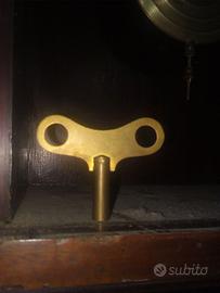 Questo raro pendolo e’ l’orologio da parete del nonno a 5 canne. I rintocchi sono chiari e ti faranno sapere ogni 15 minuti con i rintocchi e nelle ore intere con il numero dei gong che ora e’. Ha un meccanismo davvero eccezionale in quanto consente di sincronizzare l'orologio e il suo carillon e gong con solo un tiro di un piccolo filo sul lato destro del meccanismo dell’orologio (meccanismo davvero raro).
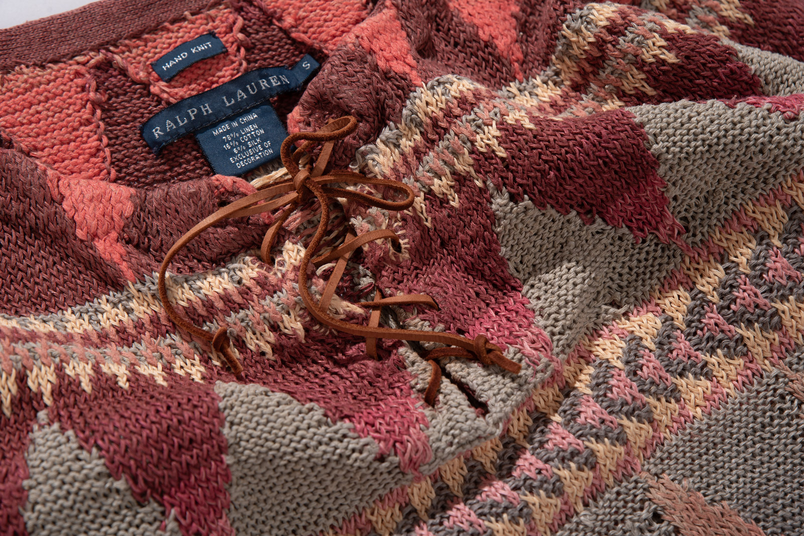 린넨 78%, 코튼 16%, 실크 6% 함유량으로 약간 빳빳한듯 느슨한 텍스쳐와 짜임, 랄프로렌이 사랑하는 미국 남서부의 인디언 문화가 녹아 있는 사우스 웨스턴 패턴이 눈에 띄네요.
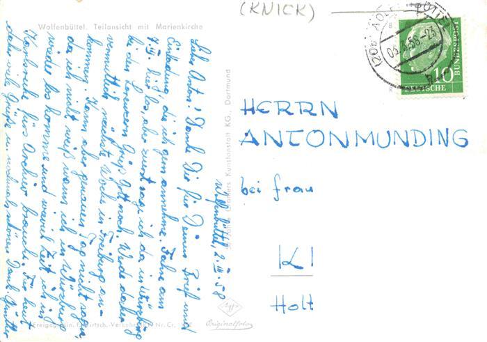 73972659 alte Postkarte WOLFENBueTTEL Teilansicht mit Marienkirche postalisch gelaufen Fliegeraufnahme Erhaltung siehe scans [FriedD77] KatCode: 11110003158037
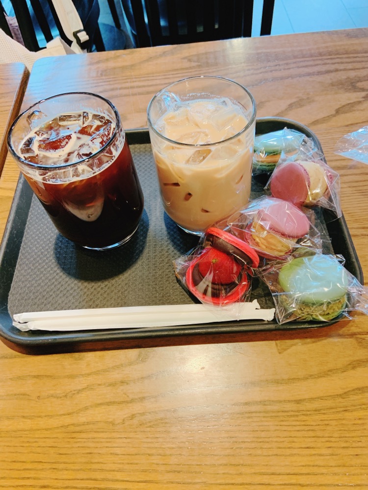 스타벅스에서 아이스 카페라떼와 마카롱의 조합❤️
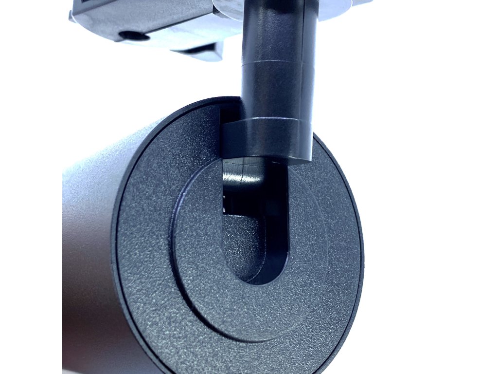 Moderne Leuchte mit verstellbarem Beleuchtungswinkel, montiert an einer Drehstromschiene. Stromschienenleuchten erfreuen sich zunehmender Beliebtheit und werden erfolgreich als Haupt- oder Spotlichtquelle in Häusern oder Wohnungen installiert und verleihen dem Interieur eine einzigartige Note.
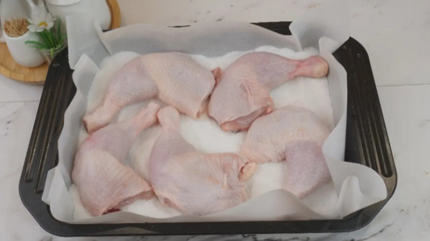 Соль эффективно распределяет тепло и предотвращает разбрызгивание жира, позволяя мясу оставаться нежным и сочным. А отсутствие приправ подчеркивает богатый природный вкус курицы.
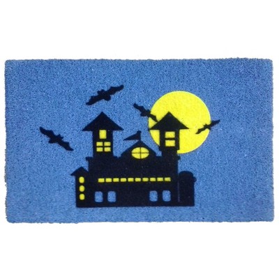HomeRoots 18" X 30" Blue and Black Coir Outdoor Halloween Door Mat
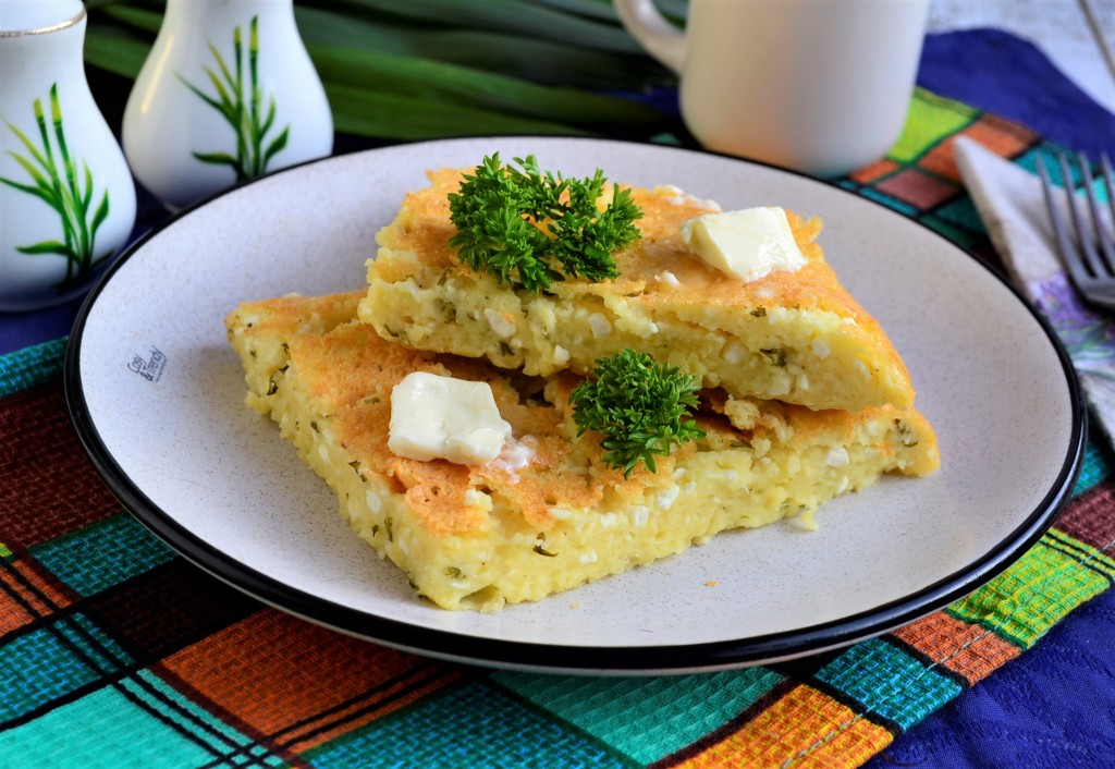 Снизу ленивое хачапури, приготовленное с творогом в духовке, немного поджарится, поэтому его нужно перевернуть на тарелку и убрать бумагу. Щедро смазать очень вкусное хачапури сливочным маслом, нарезать на части и горячим подавать к столу.
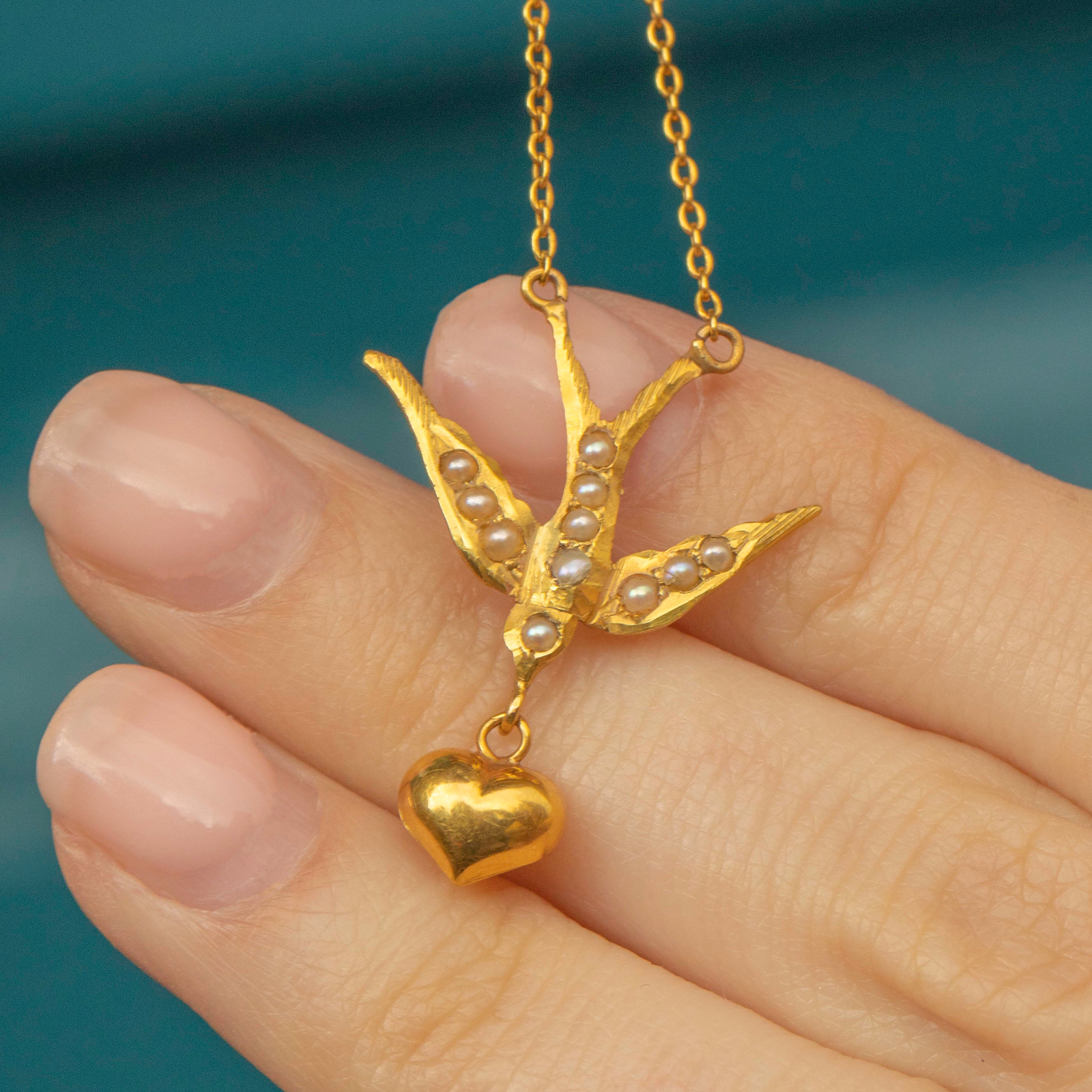 Add a touch of elegance to your jewellery collection with this exquisite antique 9ct Gold Pearl swallow heart necklace! This stunning piece features a graceful swallow crafted from lustrous 9ct Gold, adorned with shimmering Pearls across her heavenly wings.
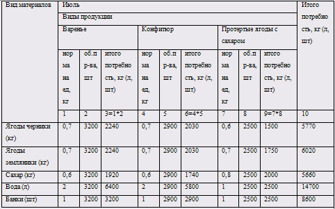 2.4 Составление калькуляции по видам продукции на предприятии "Ягодка"
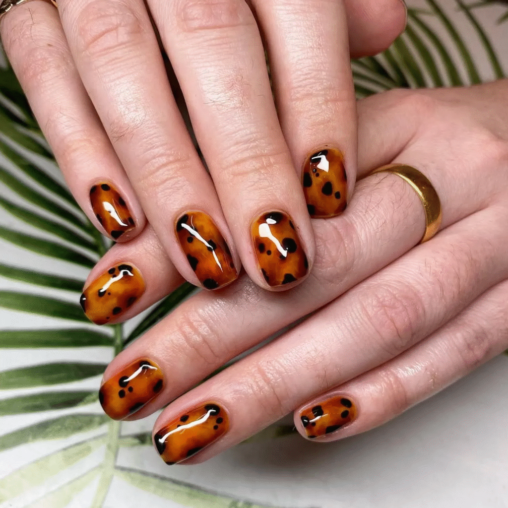 Tortoise shell nails are a fall favorite. The caramel and brown hues are neutral yet stylish, making them perfect for short nails. This print adds just the right amount of flair, giving you a chic and polished look.
☆ ☆ ☆ ☆ ☆ ☆ ☆
◆ Exercise objective
Restate every line above exactly, omitting images.

◆ Output for this task
 Questo raro pendolo e’ l’orologio da parete del nonno a 5 canne. I rintocchi sono chiari e ti faranno sapere ogni 15 minuti con i rintocchi e nelle ore intere con il numero dei gong che ora e’. Ha un meccanismo davvero eccezionale in quanto consente di sincronizzare l'orologio e il suo carillon e gong con solo un tiro di un piccolo filo sul lato destro del meccanismo dell’orologio (meccanismo davvero raro).
 린넨 78%, 코튼 16%, 실크 6% 함유량으로 약간 빳빳한듯 느슨한 텍스쳐와 짜임, 랄프로렌이 사랑하는 미국 남서부의 인디언 문화가 녹아 있는 사우스 웨스턴 패턴이 눈에 띄네요.
 73972659 alte Postkarte WOLFENBueTTEL Teilansicht mit Marienkirche postalisch gelaufen Fliegeraufnahme Erhaltung siehe scans [FriedD77] KatCode: 11110003158037
 스타벅스에서 아이스 카페라떼와 마카롱의 조합❤️
 Moderne Leuchte mit verstellbarem Beleuchtungswinkel, montiert an einer Drehstromschiene. Stromschienenleuchten erfreuen sich zunehmender Beliebtheit und werden erfolgreich als Haupt- oder Spotlichtquelle in Häusern oder Wohnungen installiert und verleihen dem Interieur eine einzigartige Note.
 Соль эффективно распределяет тепло и предотвращает разбрызгивание жира, позволяя мясу оставаться нежным и сочным. А отсутствие приправ подчеркивает богатый природный вкус курицы.
HomeRoots 18" X 30" Blue and Black Coir Outdoor Halloween Door Mat
 Снизу ленивое хачапури, приготовленное с творогом в духовке, немного поджарится, поэтому его нужно перевернуть на тарелку и убрать бумагу. Щедро смазать очень вкусное хачапури сливочным маслом, нарезать на части и горячим подавать к столу.
 Add a touch of elegance to your jewellery collection with this exquisite antique 9ct Gold Pearl swallow heart necklace! This stunning piece features a graceful swallow crafted from lustrous 9ct Gold, adorned with shimmering Pearls across her heavenly wings.
 2.4 Составление калькуляции по видам продукции на предприятии "Ягодка"
 Tortoise shell nails are a fall favorite. The caramel and brown hues are neutral yet stylish, making them perfect for short nails. This print adds just the right amount of flair, giving you a chic and polished look.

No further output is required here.